The article “The Wisdom of Repugnance” by Leon Kass, discusses the ethics of human cloning. Although not much discussed in recent years, human cloning is far more likely than self-aware computers.
http://www.catholiceducation.org/articles/medical_ethics/me0006.html
Dear Mr. Wright,
I wonder: have you ever read much about semiotics, the doctrine of the action of signs? When I’ve heard you talk of symbols and especially of your experience of God during your conversion, I’ve always been impressed on how closely it seems related to semiotics.
~Michael Humpherys
No, the closest I ever came to the study of semiotics was reading science fiction yarns, including WORLD OF NULL A by A.E. van Vogt, who used his action tale to popularize the General Semantics of Korzybski.
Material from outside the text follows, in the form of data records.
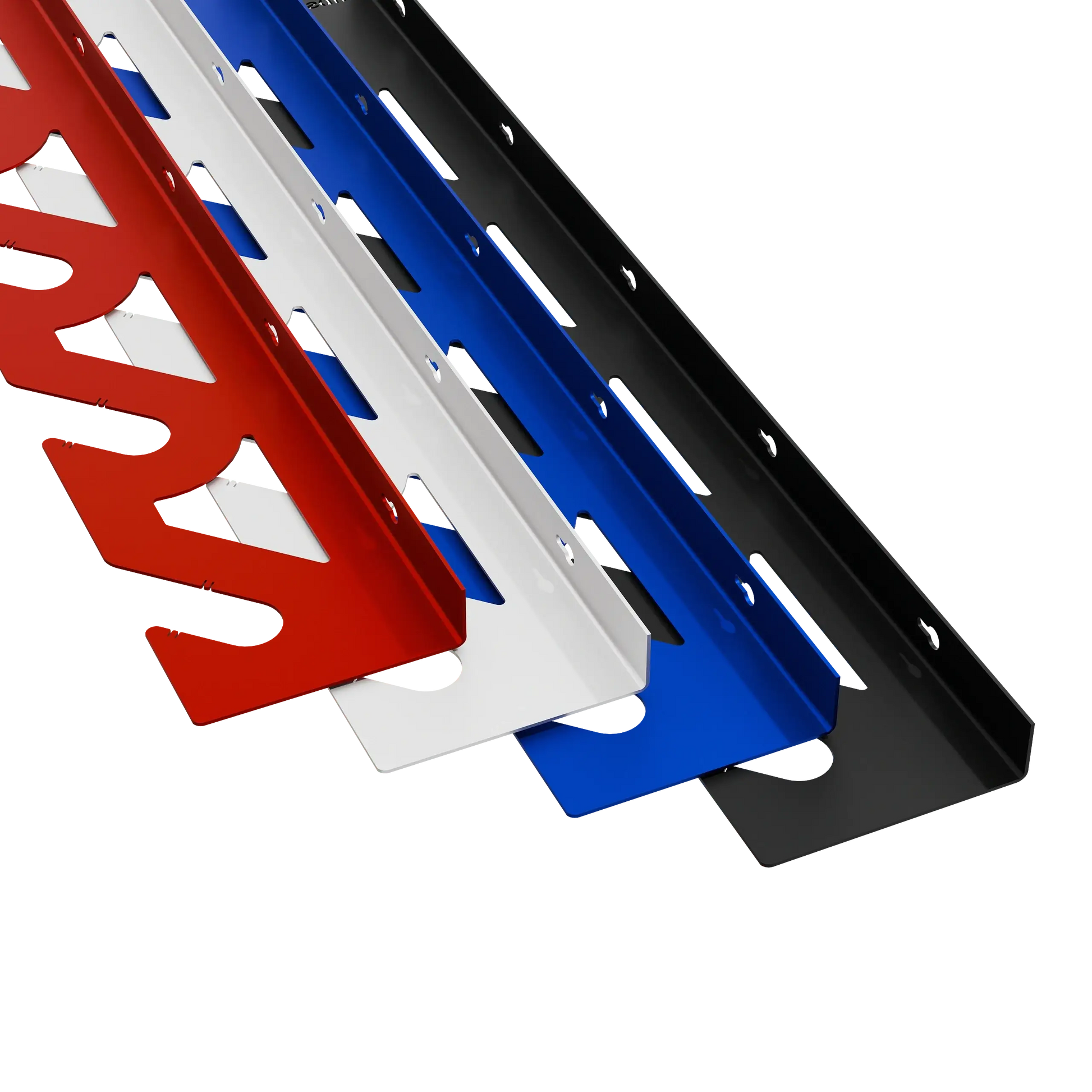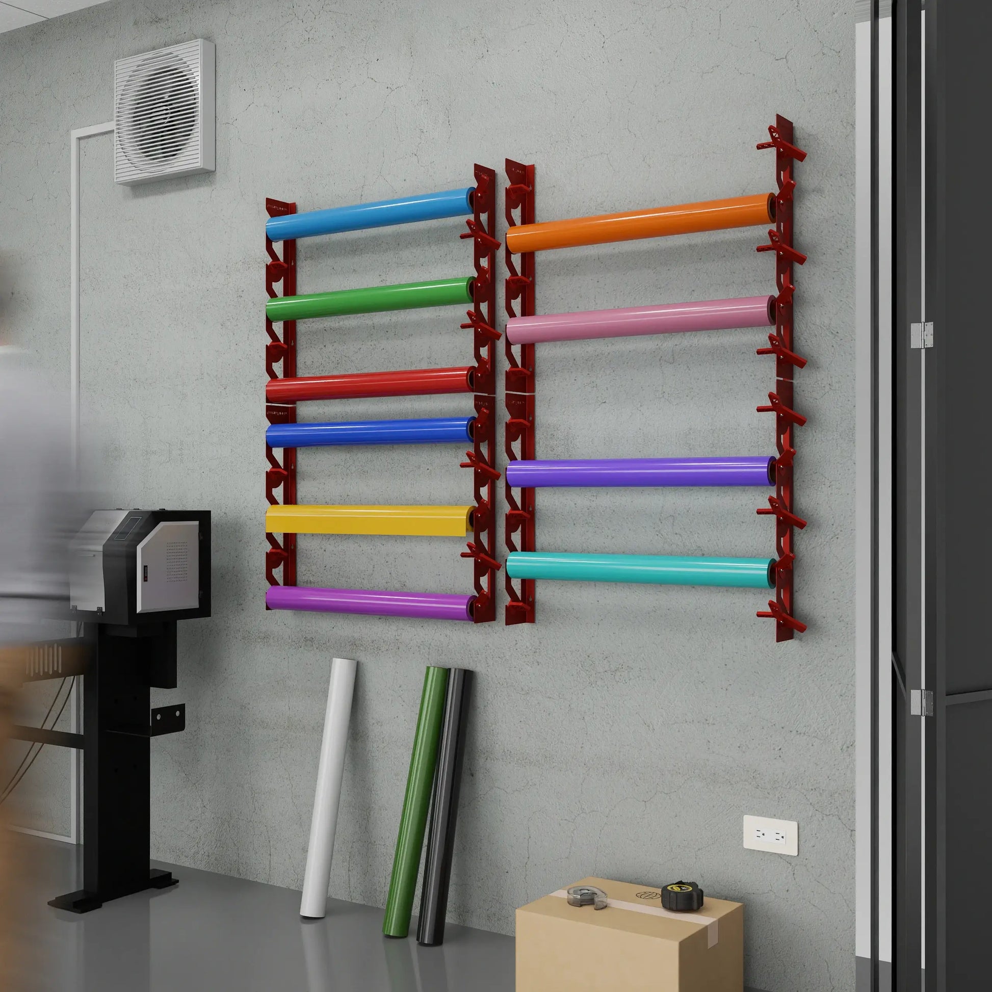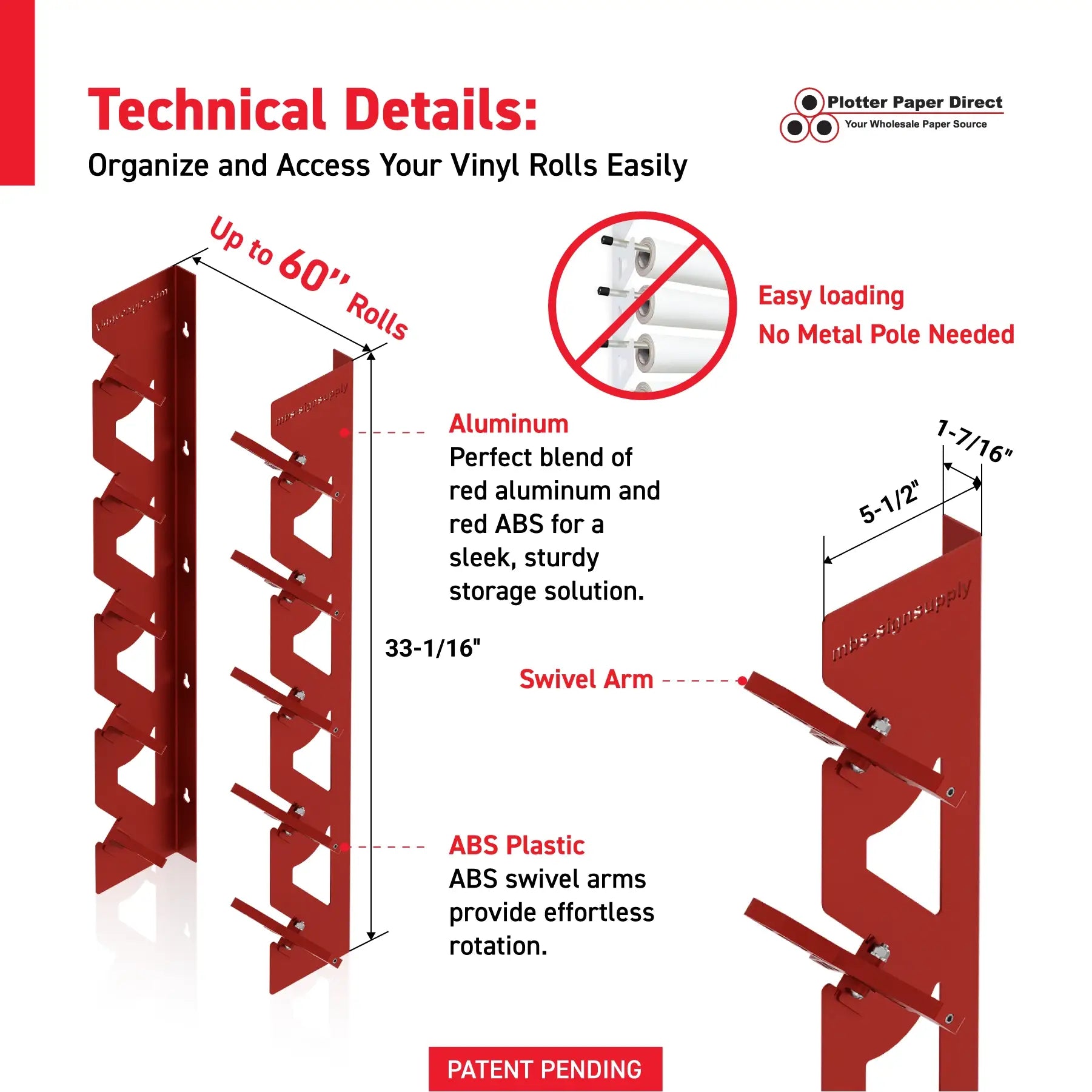 Red Aluminum Wall Mounted Vinyl Roll Storage Rack with Red V-Bracket ABS Plastic Swivel Arm – Holds 5 Vinyl Rolls, Space-Saving Organizer for Studios & Print Shops
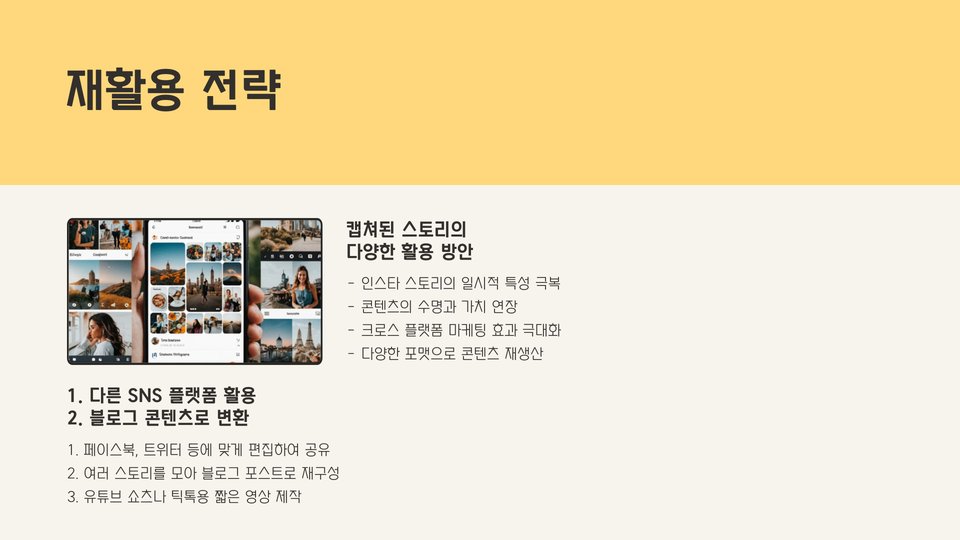 | 창의적인 콘텐츠 제작 | 독특한 시각적 요소와 이야기로 팔로워의 관심을 끌기 |
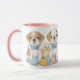 Niedliche Illustrationen von englischen Bulldogs verkleidet für Ostern. Ideal für Liebhaber von Haustieren oder Hundeeltern zu Ostern.
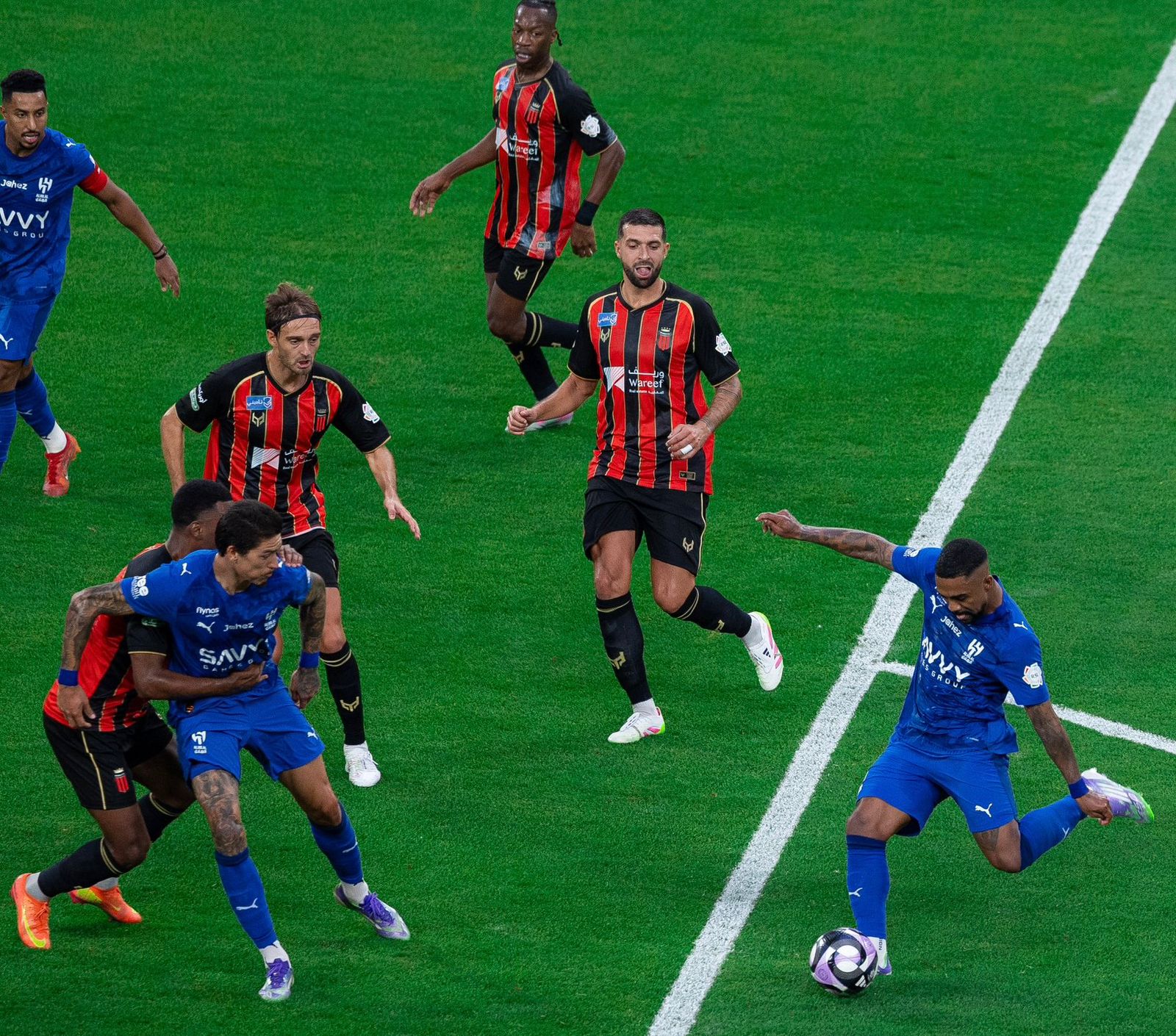 وجاء الهدف الأول بتصويبة قوية من الظهير الأيسر متعب الحربي في الدقيقة 22، بعدما استغل كرة خلف الدفاع، ليسدد بعدها صاروخية لم يتمكن حارس الرياض من التصدي لها.
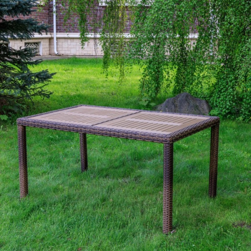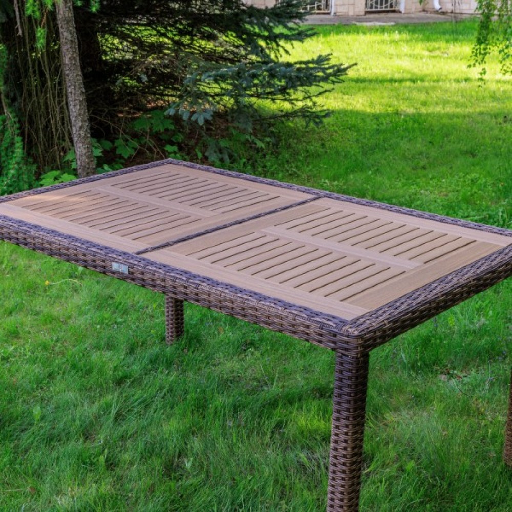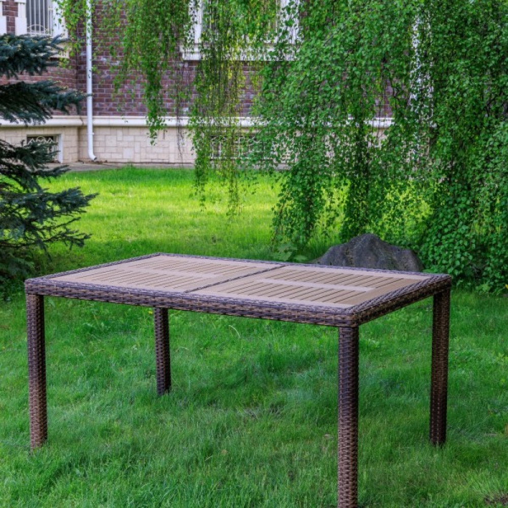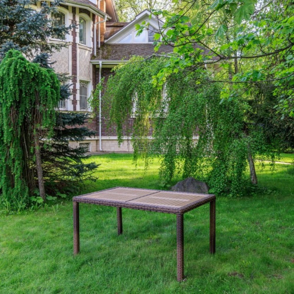 Материал стола — искусственный ротанг (ручного плетения)
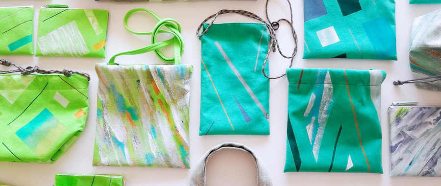 私たちは、ひとつの作品が生まれるすべての工程――デザイン、素材の選定、ハンドペインティング、縫製にいたるまで――に一貫して関わりながら、まるでアートピースをつくるようにプロダクトを制作しています。
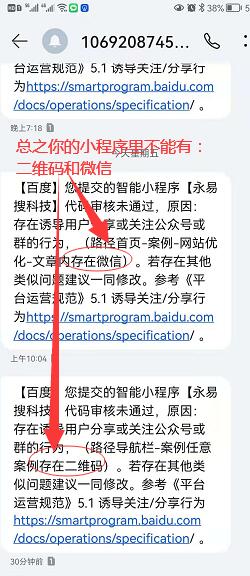 百度智能小程序,為的就是給H5網(wǎng)站數(shù)據(jù)打通,但有一個難題是:審核時候比較難。因?yàn)楹芏辔恼吕镞叢豢赡芪⑿藕投S碼都沒有吧?一旦有了,他就審核不通過。甚至我們做的客戶案例的網(wǎng)站截圖上有二維碼也不行。真的是醉了:
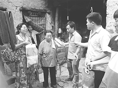 8月4日,本刊和社会爱心人士一起来到受灾较重的赞皇县许亭乡幸福庄村,为该村送去了爱心人士捐助的米、面、油等价值3000多元的基本生活用品,也为受灾群众送上一份爱心。图为本刊编辑和社会爱心人士将物资亲自送到群众家中。 本报记者 刘小林 摄
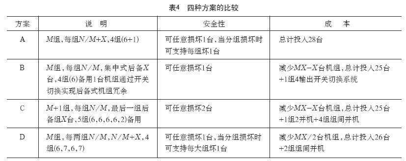在表4中,A屬于常見型,D屬于有案例,B、C均只屬于理論可行,其中B屬于硬件后備式冗余,C屬于軟件后備式冗余。C的備用組也可以僅設(shè)置1臺機(jī)組。當(dāng)項目規(guī)模較大,比如3萬機(jī)柜,18組每組6臺,可考慮設(shè)置一組備用6臺,直接進(jìn)行負(fù)載切換,而不需要組間并機(jī),可以視為C的一種變型。
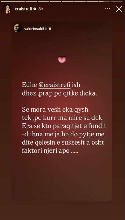 Në postimin e tij, Valdrin shpreh entuziazmin dhe kënaqësinë e tij për rikthimin e Erës në skenë, duke theksuar se ajo po shkëlqen me një stil dhe një prezencë të re, më të fuqishme se kurrë më parë. Ai përdor një gjuhë shumë të drejtpërdrejtë dhe të gjallë, duke thënë: “Edhe Era Istrefi ish dhez, prap po qitke diçka,” duke iu referuar faktit që Era, megjithëse ka qenë gjithmonë një figurë e spikatur në industrinë muzikore, tashmë po vjen me një energji dhe stil që e bën atë të duket krejt ndryshe dhe më e plotë.
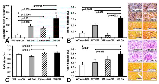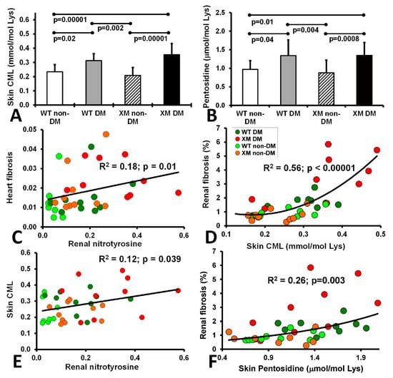 A tissue which can be used as a good long-term measure of glycation and oxidative stress is tissue collagen; e.g., skin AGEs, which in humans are usually increased in diabetes per se, and also in kidney damage, and are associated with and predictive of long-term complications, including advanced kidney disease and mortality [56,57]. Abundant AGEs are CML and pentosidine, which we quantified using gold-standard biochemical techniques, were found to be significantly increased in both diabetic vs. non-diabetic mouse groups and significantly higher in the diabetic vs. non-diabetic XM. Skin CML also correlated positively with renal nitrotyosine levels.
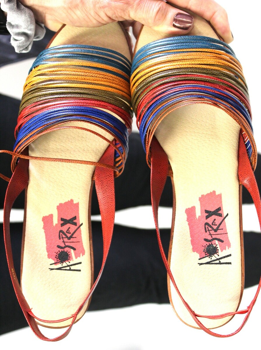 Vintage 80's 90's Abstrax Rainbow Linguini Sandals Women's 10M Spice NIB
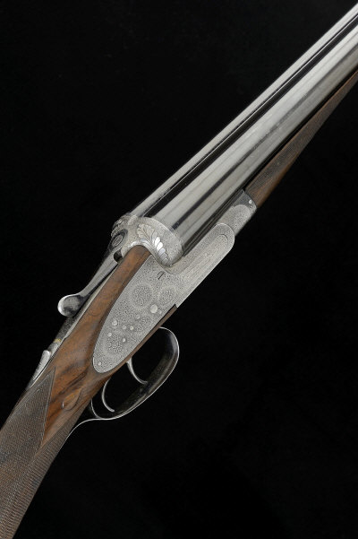 W. C. CARSWELL LTD. A 12-BORE SIDELOCK EJECTOR GUN, NO VISIBLE NUMBER 27-inch chopper-lump barrels with 2 1/2-inch chambers, about 1/4 and 1/2 choke borings, mid extension, the frame, locks and top lever with bouquet and scroll engraving, the maker's name signed within a scrolling banner, carved fences, 14 1/2-inch figured stock, 6lb. 10oz., nitro proof S2 |

I am not even sure if this is the same field as semiotics.
I am frankly curious what in my conversion story reminded you of semiotics?
I don’t quite remember the way you phrased it, but it was that the universe was perfused with relations, which sounded something very close to what C.S. Peirce said, “The entire universe is perfused with signs, if it is not composed exclusively of signs.” Signs are triadic relations; something refering to something other than the sign to someone. This triadic nature of signs sharply distinguishes them from the dyadic nature of physical interactions, such as two atoms hitting each other. This seems what you are getting at when you bring up symbols in refuting materialism, as far as I understand.